MSU PLS PhD candidate awarded APSA Latino Scholarship
October 24, 2025 - Karessa Weir
MSU PLS PhD candidate Raymundo Lopez has been awarded a scholarship from the American Political Science Association’s (APSA) Fund for Latino Scholarship.
The award will fund his research on studying videos of U.S. Congressional floor speeches to evaluate how members negotiate and perform their social identities in real time, the APSA announcement said.
“The Fund for Latino Scholarship will support efforts to launch an online survey experiment in a dedicated chapter of his dissertation,” APSA wrote. “Ray is committed to public scholarship and digital storytelling.”

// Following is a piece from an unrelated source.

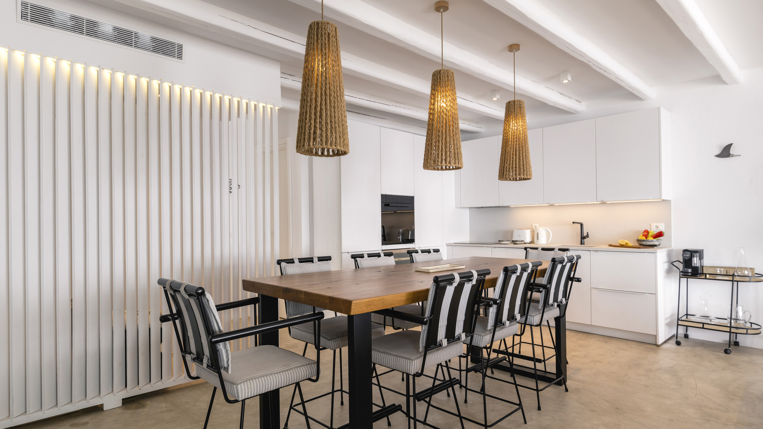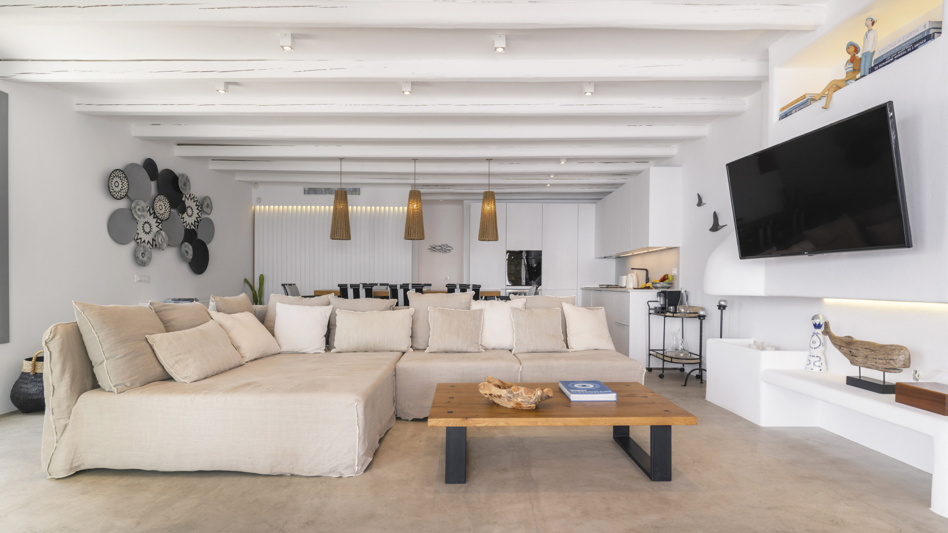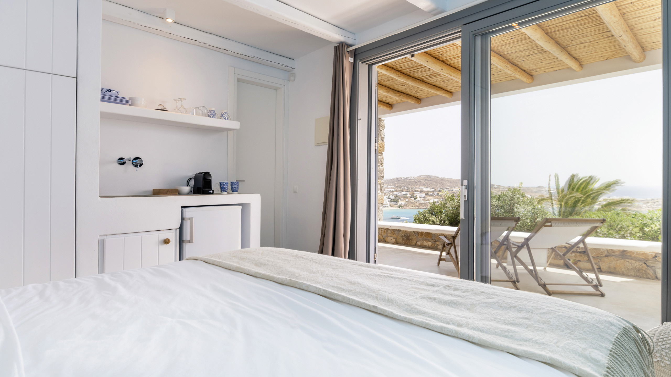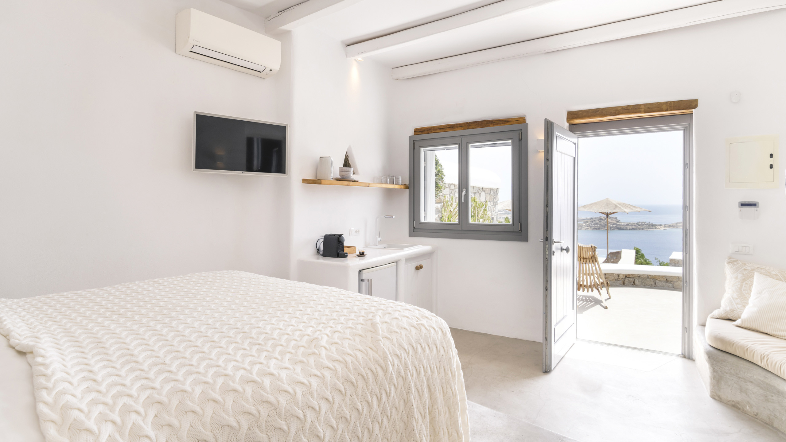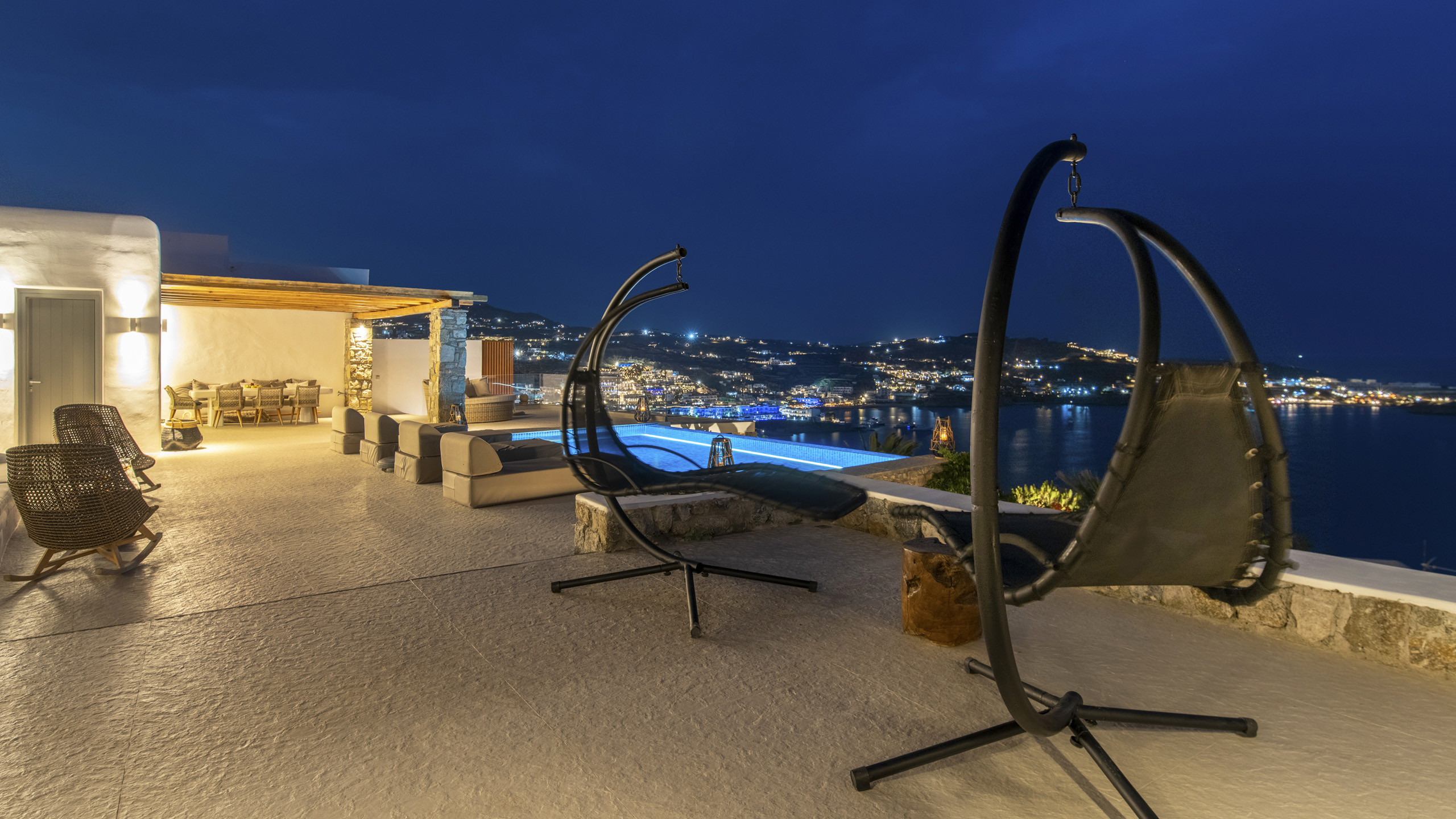 Internally, Aegean Dawn features a fresh and contemporary style that perfectly follows the typical trend and style of Mykonian private residences. The common spaces and bedrooms are all comfortable and equipped with the latest technological amenities, also directly connected to the outdoors for the guests' maximum independence.

Lopez is the founder of Atom Laboratories, a YouTube channel that translates political science research into accessible video essays, candidate profiles, and analyses of contemporary political issues. His work bridges scholarship and practice, with the goal of broadening civic understanding and fostering inclusive political discourse. Lopez is a Stanford University, USC POIR Predoctoral Summer Institute and Ronald McNair alum.

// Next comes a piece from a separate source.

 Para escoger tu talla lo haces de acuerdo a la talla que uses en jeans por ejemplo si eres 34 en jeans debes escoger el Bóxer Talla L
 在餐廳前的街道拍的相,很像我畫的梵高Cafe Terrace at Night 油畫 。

“Ray is well-deserving of this award. He is resourceful, humble, hard-working, thoughtful, and this project fits his passion for analyzing how voters react to candidates of different backgrounds,” said MSU PLS Assistant Professor Eric Gonzalez Juenke. “More importantly, Ray’s experiments will help us understand what kinds of shortcuts voters use to think about candidates with various overlapping identities. The work helps explain representation gaps and may influence both political parties to recruit and support historically excluded candidates to run for office.”
Specifically, the scholarship will help Lopez launch an online survey experiment examining how voters respond to different types of intersectional appeals in simulated elections. This research builds on the racial priming hypothesis by applying an intersectional lens to the strategies that women of color candidates use when appealing to broad, cross-racial and socioeconomic constituencies, Lopez said. Racial priming is a theory that media and campaign content can make racial attitudes more important factors in Americans’ political evaluations.
“The award is a testament to the support I’ve received from my advisor, Dr. Eric Juenke, the incredibly supportive members of my committee—Jenny, Nazita, and Matt—and from my fellow PhD colleagues, whose feedback and camaraderie constantly push my work in new directions," Lopez said. “Big thanks to APSA."